И словно в лузу шар,
он мчит их к славе.
А миллионы наших тощих вый
кивают им.
Они, выходит, — вправе.
Мы можем уповать на высший суд,
крутой к тиранам и самодержавцам.
Но что-то в пору роковых минут,
как правило, везёт одним мерзавцам.
И там,
где бомба — лучший капитал,
где слово значит много меньше жеста,
скажи мне честно:
что ты испытал?
Ну, — боль.
Ну, — любопытство.
Но — блаженство?!.
* * *
Громадный медведь в зауральском блатном ресторане,
где мы в этот раз засиделись до розовой рани,
хоть чучело, а шевелит молодыми клыками
на нас, лоботрясов, воспитанных большевиками.

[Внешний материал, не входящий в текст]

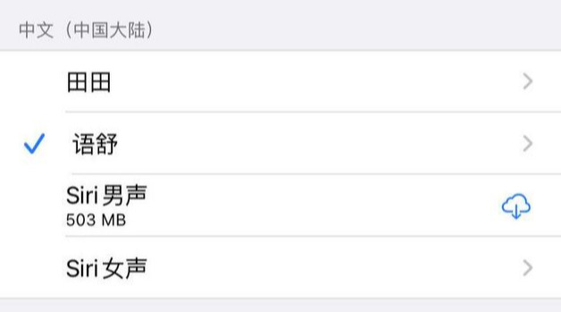 这时候你可以看到中文(中国大陆)选项下方有4种声音,分别是田田、语舒、Siri男声和Siri女声。

Ах, наши отцы, как же вас искорёжило время,
в вас шаря не княжеский лоск, так попа иль еврея.
А нам всё равно, мы свои среди пьяниц завзятых
в своих беспринципных бессовестных семидесятых.
Ничто не преграда для истинного лоботряса:
ни красный околыш, ни чёрные пейсы, ни ряса.
А там, где всегда всё идёт, как и надо, по плану,
там сущее сущим, естественно, по барабану.
Да что я! Да как я!.. Да так вот. Молчать надоело.
Эмпатия классов и рас — не последнее дело.
Но вот в двадцать первом, припомнив, что были медведем,
мы вдруг — на дыбы, любопытствуя: страшно соседям?
Соседям, конечно же, страшно. И в нервном запале
они совершенствуют пули, чтоб метче попали.
А мы предъявляем, запальчивы и непокорны,
смущенному чучелу наши с ним общие корни.
Оркестрик гремит, шум застольных бесед заглушая,
стоячему уху медведя расслышать мешая
наш пьяный, наш детский, наш патриотический лепет.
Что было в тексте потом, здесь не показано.